No good deed is going unpunished this earnings season.
Third-quarter results are in from nearly half of the companies in the S&P 500 SPX, -0.66% Of those, 77% reported earnings per share above the mean estimate — topping the five-year average of 71%, wrote John Butters, senior earnings analysts at FactSet.
That’s not all. Those earnings, in aggregate, have exceeded expectations by 6.5%, above the five-year average of 4.6%, Butters said, noting that has taken the earnings growth rate for the index to 22.5% from 19.3% on Sept. 30.
The stock market, however, has so far been unimpressed (see chart below).
FactSet
Companies that reported positive earnings surprises have seen prices fall, on average, 1.5% from the period two days ahead of the release of their third-quarter results through two days after. Over the past five years, companies that have beaten estimates have seen an average increase of 1% over that four-day period, the data showed.
If that figure holds up, it would mark the biggest average price decline over the four-day window for companies beating expectations since a 2.1% fall in the second quarter of 2011, Butters said.

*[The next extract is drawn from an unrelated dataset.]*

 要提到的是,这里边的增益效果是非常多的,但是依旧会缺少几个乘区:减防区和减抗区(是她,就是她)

Companies that report weaker-than-forecast earnings, meanwhile, are getting punished more than usual, falling an average of 3.8% over the four-day window versus the five-year average of 2.5%, according to FactSet.

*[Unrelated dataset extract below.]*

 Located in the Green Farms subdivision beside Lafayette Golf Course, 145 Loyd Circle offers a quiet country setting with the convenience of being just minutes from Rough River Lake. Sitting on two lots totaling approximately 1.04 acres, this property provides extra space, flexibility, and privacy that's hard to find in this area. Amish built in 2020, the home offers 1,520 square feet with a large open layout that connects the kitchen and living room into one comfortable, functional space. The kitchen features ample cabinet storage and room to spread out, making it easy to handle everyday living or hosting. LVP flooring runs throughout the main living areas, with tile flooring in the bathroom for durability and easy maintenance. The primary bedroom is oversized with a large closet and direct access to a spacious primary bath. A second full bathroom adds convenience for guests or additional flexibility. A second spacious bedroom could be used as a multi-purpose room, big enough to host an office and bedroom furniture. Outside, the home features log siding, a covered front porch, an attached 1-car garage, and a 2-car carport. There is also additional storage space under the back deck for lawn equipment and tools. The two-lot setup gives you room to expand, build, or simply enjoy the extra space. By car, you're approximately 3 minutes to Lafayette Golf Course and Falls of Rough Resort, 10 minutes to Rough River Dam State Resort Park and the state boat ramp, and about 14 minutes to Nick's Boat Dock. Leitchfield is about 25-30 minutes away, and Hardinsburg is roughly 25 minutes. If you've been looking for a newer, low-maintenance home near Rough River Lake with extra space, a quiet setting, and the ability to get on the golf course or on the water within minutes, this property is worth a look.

Earnings season has coincided with a heavy October selloff that investors have struggled to pin to a primary catalyst. Analysts have cited concerns about global growth, fears of a Federal Reserve policy misstep, rising Treasury yields and worries that earnings growth has peaked as potential reasons for a rout that left the S&P 500 just shy of the 10% pullback from its record high necessary to meet a widely used definition of a market correction.

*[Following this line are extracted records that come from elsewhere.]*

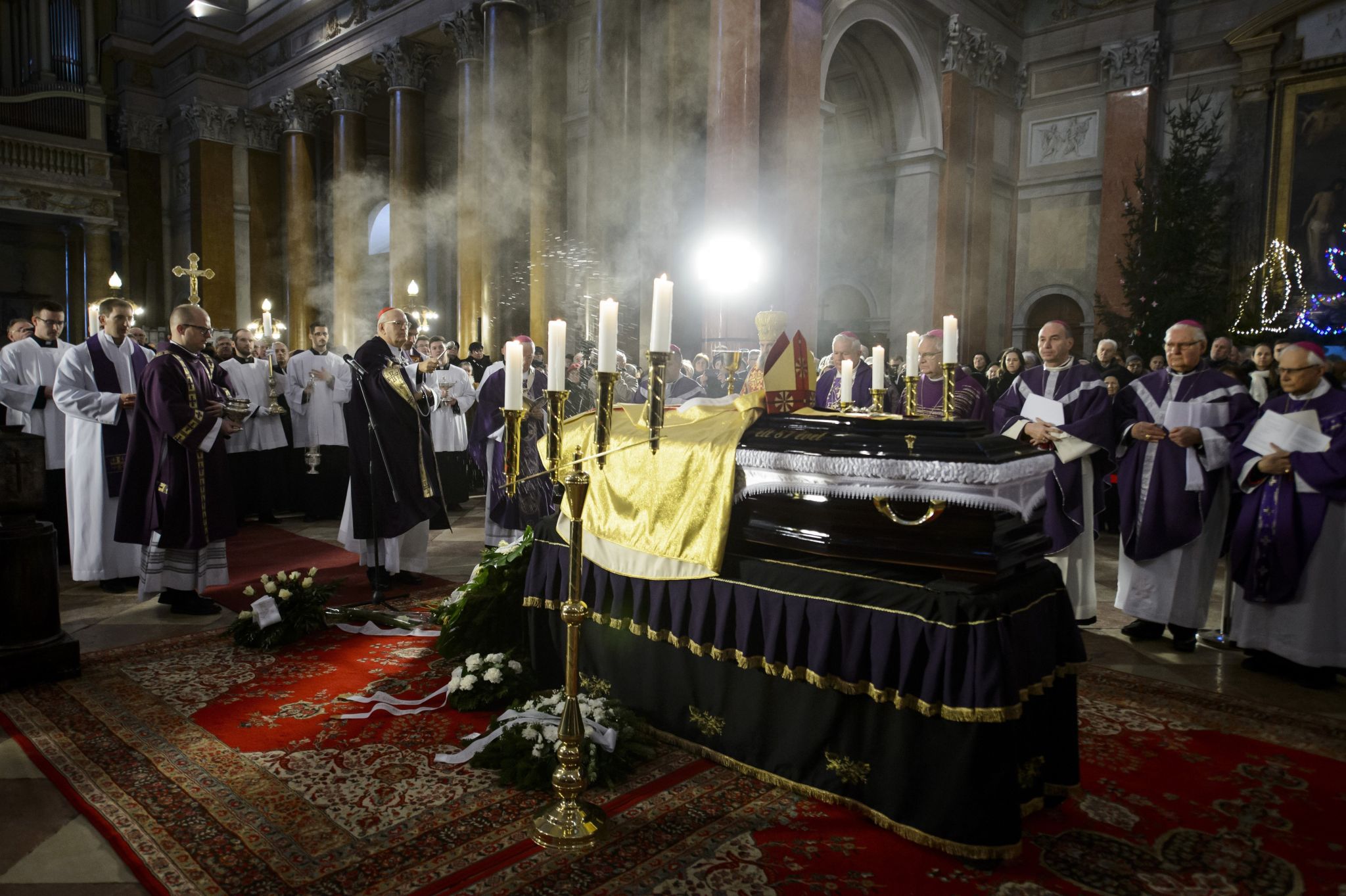 Erdő Péter bíboros, esztergom-budapesti érsek temetési szertartást végez Seregély István nyugalmazott egri érsek temetésén – MTI/Komka Péter
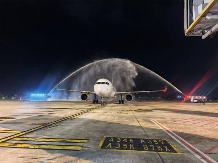 Chuyến bay khai trương được Cảng HKQT Nội Bài đón bằng nghi thức phun vòi rồng trang trọng.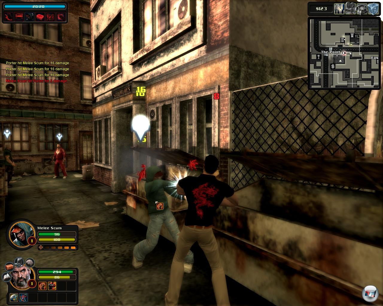 Eine größere Wahl habt ihr immerhin in Bezug auf die Fertigkeiten der drei Charaktere, denn ihr baut nicht nur deren Reservoir an Attacken und Verteidigungen auf, sondern greift auch auf so genannte Machtfähigkeiten zu. Dabei stehen allen „Gute-Menschen-Gaunern“ dieselben Fähigkeiten zur Verfügung, weil es sich um Unterstützung seitens der NSA handelt. So könnt ihr ein Fahrzeug anfordern, Soldaten an eure Seite rufen, ein Areal mit Giftgas „reinigen“ oder Autobomben platzieren. Weil ihr gegen das Bare, welches ihr nach der Übernahme von Stadtvierteln erhaltet, zudem eine Hand voll Gangster (Faustkämpfer, Schützen, Heiler oder Kundschafter) einstellen und gelegentlich den (viel zu kleinen!) Rucksack mit Medizin, Rüstung oder besseren Waffen füllen müsst, während euch kein Zeitlimit in den Rücken fällt und ihr die Viertel in beliebiger Reihenfolge übernehmen dürft, entwickelt das Spiel nach dem ungemütlich zähen Einstieg bald eine wohltuende Eigendynamik. Kümmert ihr euch wahlweise um die Bedürfnisse der Zivilisten und beseitigt bestimmte Verbrecher oder beschützt die Auftraggeber auf ihrem Weg zum Zielort, winken zudem mehr Zaster, zusätzliche Erfahrungs- oder Machtpunkte sowie wertvolle Gegenstände.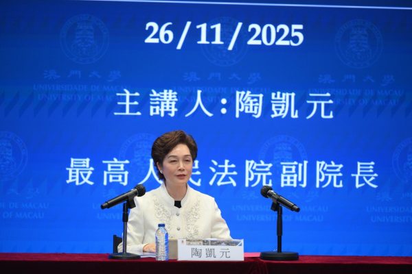 The University of Macau (UM) held a talk titled ‘Judicial Protection of Intellectual Property in China: Opportunities, Challenges, and Strategic Responses in the Era of Technological Innovation’ on 26 November as part of the University Lecture Series. Tao Kaiyuan, vice president of the Supreme People’s Court and grand justice of the second rank, discussed new developments and institutional responses in the judicial protection of intellectual property rights amid China’s rapid technological innovation. The talk attracted a large and diverse audience.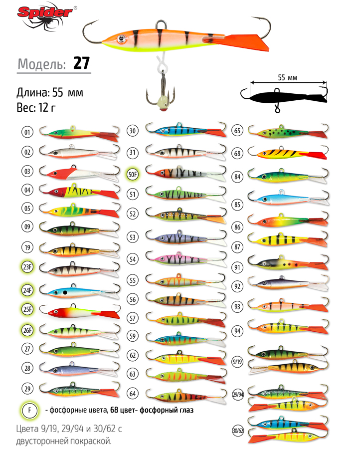 Балансир Spider Pro 27 имеет веретенообразную форму и обладает очень интересной, повторяемой игрой с плавным возвратом к вертикали, как на большой амплитуде, так и при небольших подбросах. Благодаря повторяемости игры этот балансир подойдет как опытным, так и начинающим рыболовам. Плавная, замедленная игра приманки привлекает окуня, щуку и судака. Балансир выполнен из морозостойких материалов и оснащен крючками и тройником Maruto (Япония).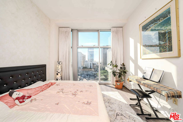 Welcome to The Summit on Sixth, one of Koreatown's most prestigious high-rise residences. This spacious 2-bedroom, 2-bathroom model unit spans 1,770 sq ft and features custom designer upgrades throughout, including new flooring and a fully remodeled bathroom. Step into a modern open-concept floor plan with soaring high ceilings and floor-to-ceiling windows that flood the space with natural light and offer breathtaking sunny south - facing city and city views. The chef's kitchen is equipped with quartz countertops, chic modern cabinetry, and premium appliances. Each of the two large master suites is positioned on opposite sides of the expansive living room for optimal privacy perfect for guests or roommates. Additional highlights include: Washer and dryer in-unit Two assigned parking spaces Wood flooring throughout High-end finishes and fixtures. Residents enjoy access to resort-style amenities, including: 24-hour security and concierge service. State-of-the-art fitness center, sauna. Prime Koreatown location just one block from Wilshire/Vermont Station. HOA includes cable, internet, and water. Don't miss this rare opportunity to own a beautifully upgraded home in one of LA's most sought-after urban communities.
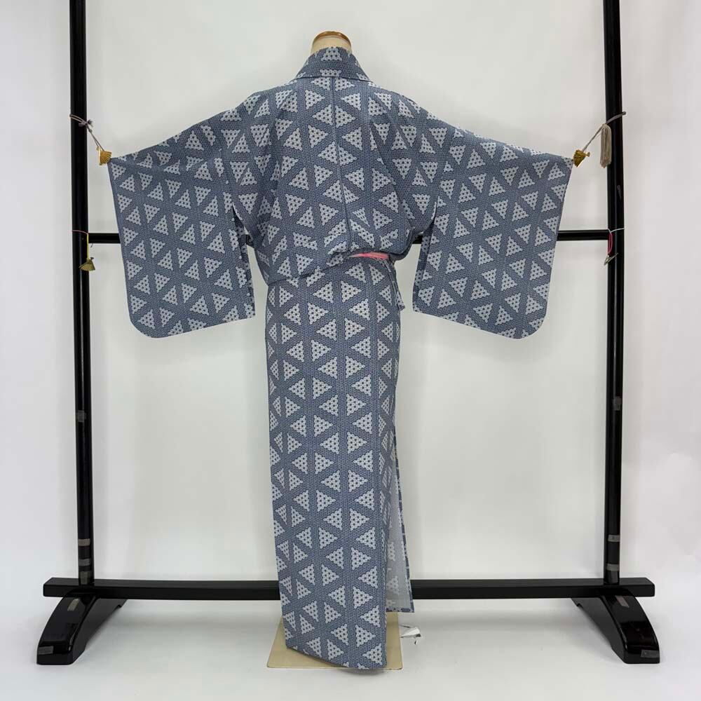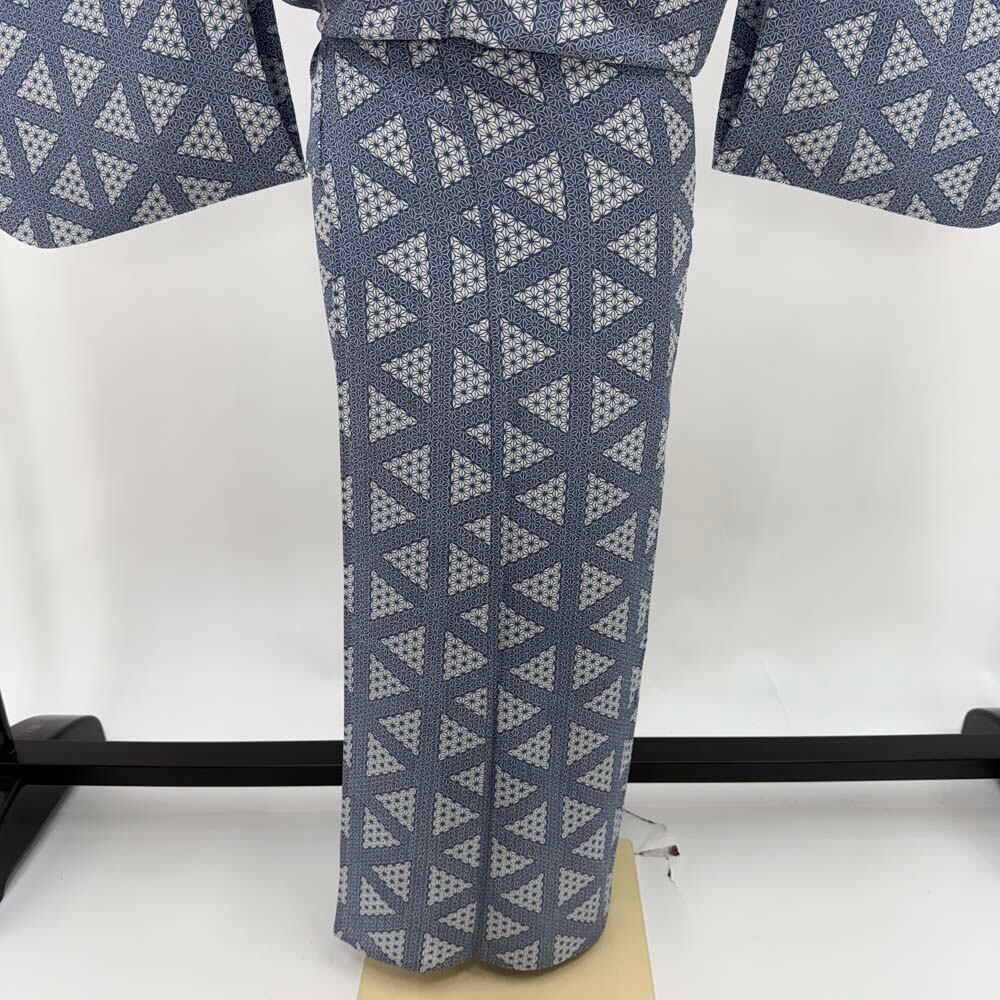 小紋 単衣 洗える着物 裄60.8cm 身丈151.2cm 花柄 お洒落着 普段着 ポリエステル グレー 美品 S サイズ 4621

The Dow Jones Industrial Average DJIA, -0.99% meanwhile, is off more than 9% from its early October record.
Some analysts, meanwhile, have tied the subpar, post-earnings performance to poor guidance. Butters argued against that, however. So far, 41 companies have issued earnings guidance for the fourth quarter. Of those, 26 companies, or 63%, have issued negative guidance — below the five-year average of 70%, he said, noting that analysts have also made smaller-than-average cuts to fourth-quarter earnings estimates so far in October.
So the search for an answer continues.